- **Listed entries**:
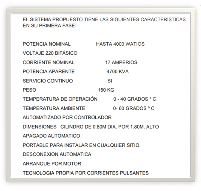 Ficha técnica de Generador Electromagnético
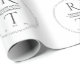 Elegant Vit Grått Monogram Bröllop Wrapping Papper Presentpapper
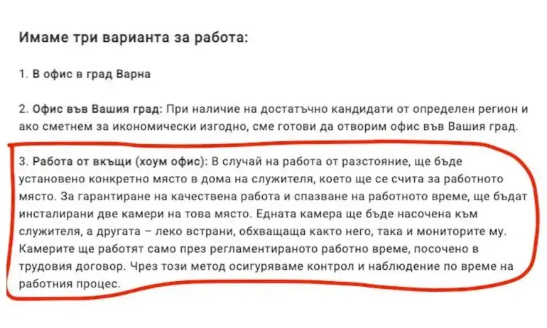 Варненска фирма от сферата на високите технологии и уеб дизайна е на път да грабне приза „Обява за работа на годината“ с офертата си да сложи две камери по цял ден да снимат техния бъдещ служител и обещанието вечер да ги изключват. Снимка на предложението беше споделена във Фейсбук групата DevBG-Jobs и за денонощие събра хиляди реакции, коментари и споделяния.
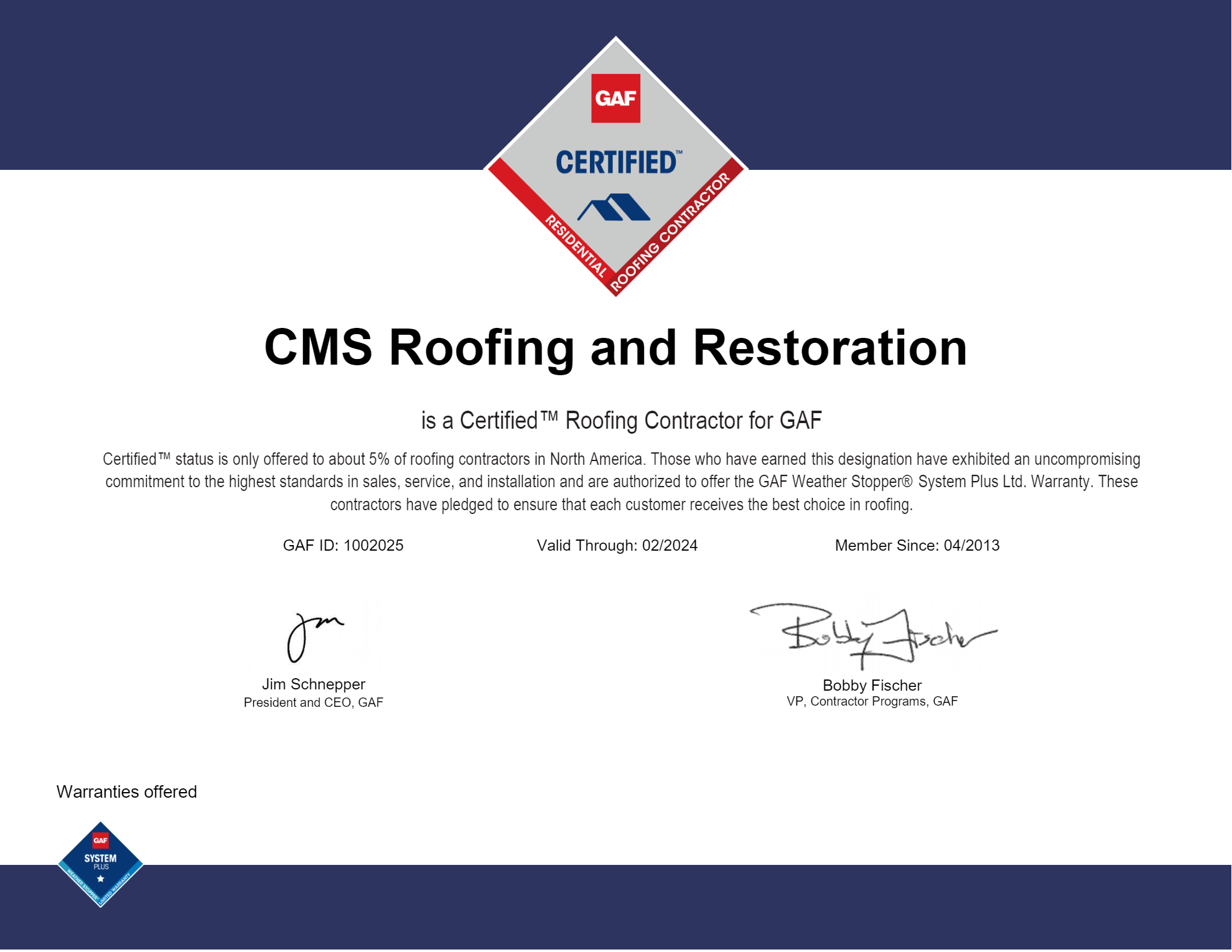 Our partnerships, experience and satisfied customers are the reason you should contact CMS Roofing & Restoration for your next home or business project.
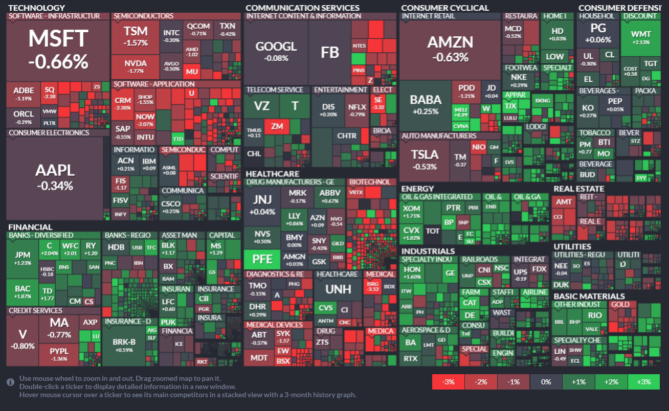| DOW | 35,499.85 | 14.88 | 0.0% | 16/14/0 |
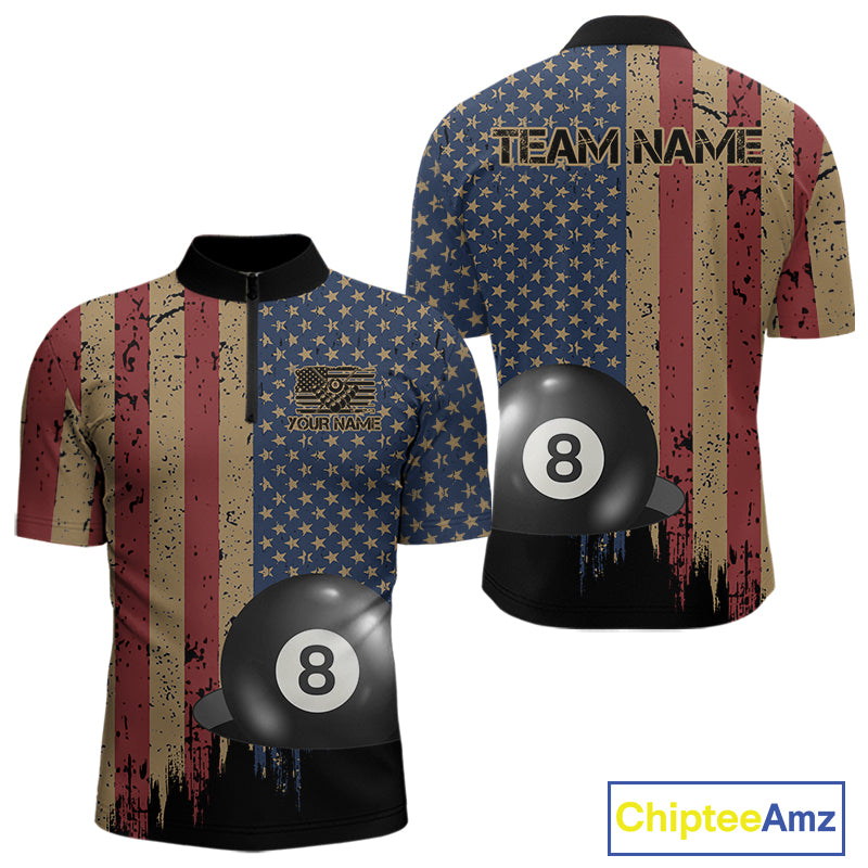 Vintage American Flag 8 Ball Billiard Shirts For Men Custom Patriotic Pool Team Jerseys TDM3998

* * *

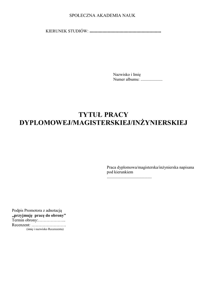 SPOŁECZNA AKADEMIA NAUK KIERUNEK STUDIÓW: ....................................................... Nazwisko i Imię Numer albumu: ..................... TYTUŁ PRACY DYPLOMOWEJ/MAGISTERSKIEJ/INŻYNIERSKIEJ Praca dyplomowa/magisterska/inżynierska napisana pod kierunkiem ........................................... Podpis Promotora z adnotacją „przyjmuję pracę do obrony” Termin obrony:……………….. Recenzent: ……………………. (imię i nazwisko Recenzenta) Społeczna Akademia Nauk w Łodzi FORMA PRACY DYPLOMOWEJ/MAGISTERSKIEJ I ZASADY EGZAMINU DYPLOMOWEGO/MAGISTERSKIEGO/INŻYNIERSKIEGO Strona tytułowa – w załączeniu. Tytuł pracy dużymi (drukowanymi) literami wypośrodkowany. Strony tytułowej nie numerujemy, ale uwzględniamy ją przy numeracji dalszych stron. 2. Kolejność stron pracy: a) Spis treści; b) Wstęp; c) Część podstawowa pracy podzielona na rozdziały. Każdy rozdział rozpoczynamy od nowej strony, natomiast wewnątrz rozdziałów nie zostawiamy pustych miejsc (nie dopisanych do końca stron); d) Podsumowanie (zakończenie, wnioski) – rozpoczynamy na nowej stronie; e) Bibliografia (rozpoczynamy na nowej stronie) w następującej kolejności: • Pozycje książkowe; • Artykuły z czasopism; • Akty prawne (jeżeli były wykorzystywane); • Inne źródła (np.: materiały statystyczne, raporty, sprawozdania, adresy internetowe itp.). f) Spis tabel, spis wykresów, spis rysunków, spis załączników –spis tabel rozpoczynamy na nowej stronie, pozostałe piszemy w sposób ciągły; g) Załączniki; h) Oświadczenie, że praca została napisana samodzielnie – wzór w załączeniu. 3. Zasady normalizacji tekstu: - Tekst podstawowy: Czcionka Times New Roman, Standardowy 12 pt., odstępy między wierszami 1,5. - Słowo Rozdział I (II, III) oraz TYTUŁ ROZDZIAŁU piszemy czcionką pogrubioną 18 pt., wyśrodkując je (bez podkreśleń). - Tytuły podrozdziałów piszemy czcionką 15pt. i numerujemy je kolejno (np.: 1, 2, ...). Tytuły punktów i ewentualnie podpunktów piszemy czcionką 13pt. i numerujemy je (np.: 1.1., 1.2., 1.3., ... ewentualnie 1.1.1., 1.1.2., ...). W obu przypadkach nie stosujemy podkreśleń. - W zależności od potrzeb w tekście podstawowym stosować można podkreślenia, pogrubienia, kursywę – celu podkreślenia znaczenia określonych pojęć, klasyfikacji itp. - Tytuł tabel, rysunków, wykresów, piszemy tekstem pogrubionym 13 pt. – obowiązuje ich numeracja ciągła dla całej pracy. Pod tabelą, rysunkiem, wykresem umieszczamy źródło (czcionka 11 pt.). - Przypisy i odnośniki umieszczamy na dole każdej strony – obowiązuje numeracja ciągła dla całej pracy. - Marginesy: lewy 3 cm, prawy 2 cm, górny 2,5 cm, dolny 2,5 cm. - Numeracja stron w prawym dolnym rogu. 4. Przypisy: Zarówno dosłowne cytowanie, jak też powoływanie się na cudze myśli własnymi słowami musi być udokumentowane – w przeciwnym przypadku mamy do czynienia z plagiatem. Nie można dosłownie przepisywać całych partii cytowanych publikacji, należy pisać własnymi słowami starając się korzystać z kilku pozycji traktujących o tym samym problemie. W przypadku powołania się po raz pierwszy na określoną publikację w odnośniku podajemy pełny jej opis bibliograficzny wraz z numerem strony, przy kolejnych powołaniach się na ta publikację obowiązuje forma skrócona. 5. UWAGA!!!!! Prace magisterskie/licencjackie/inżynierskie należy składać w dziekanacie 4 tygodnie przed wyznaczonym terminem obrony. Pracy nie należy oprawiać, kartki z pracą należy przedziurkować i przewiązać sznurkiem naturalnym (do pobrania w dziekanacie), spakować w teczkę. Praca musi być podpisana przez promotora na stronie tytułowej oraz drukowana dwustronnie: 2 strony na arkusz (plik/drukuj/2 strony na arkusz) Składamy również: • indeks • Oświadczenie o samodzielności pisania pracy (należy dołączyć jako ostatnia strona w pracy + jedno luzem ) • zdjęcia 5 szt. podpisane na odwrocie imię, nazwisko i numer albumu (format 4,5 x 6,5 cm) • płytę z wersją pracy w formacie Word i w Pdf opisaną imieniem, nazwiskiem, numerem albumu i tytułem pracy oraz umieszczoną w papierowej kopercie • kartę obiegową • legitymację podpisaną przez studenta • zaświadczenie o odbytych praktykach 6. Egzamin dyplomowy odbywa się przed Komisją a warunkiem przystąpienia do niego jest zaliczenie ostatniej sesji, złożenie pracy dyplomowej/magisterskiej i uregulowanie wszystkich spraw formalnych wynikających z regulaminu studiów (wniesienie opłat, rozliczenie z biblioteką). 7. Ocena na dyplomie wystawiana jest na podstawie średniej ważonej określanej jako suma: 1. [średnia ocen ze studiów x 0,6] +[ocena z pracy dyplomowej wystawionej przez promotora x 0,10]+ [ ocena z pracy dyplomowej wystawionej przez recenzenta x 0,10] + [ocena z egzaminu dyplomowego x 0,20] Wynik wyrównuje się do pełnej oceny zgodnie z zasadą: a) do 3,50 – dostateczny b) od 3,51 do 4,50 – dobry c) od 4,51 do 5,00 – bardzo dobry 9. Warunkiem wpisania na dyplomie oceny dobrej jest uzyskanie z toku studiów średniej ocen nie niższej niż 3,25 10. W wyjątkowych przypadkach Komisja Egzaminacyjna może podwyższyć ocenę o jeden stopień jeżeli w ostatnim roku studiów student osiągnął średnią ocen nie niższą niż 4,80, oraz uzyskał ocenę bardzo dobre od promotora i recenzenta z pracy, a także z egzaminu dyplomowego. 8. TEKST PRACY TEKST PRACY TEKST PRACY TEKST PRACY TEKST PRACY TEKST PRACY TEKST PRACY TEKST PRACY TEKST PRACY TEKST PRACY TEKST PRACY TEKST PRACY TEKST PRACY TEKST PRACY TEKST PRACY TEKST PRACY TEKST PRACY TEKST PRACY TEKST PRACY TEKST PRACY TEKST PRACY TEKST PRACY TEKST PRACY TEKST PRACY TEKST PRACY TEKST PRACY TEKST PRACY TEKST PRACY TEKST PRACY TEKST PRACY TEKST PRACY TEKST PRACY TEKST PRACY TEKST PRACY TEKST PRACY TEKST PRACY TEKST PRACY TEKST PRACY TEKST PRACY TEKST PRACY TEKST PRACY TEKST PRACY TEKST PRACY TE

- **Task item**: What you return must match, character for character, the lines above from the one with "Our partnerships, experience" through the one with "Vintage American Flag", minus any pictures.

- **Finished exercise**:
 Our partnerships, experience and satisfied customers are the reason you should contact CMS Roofing & Restoration for your next home or business project.
| DOW | 35,499.85 | 14.88 | 0.0% | 16/14/0 |
 Vintage American Flag 8 Ball Billiard Shirts For Men Custom Patriotic Pool Team Jerseys TDM3998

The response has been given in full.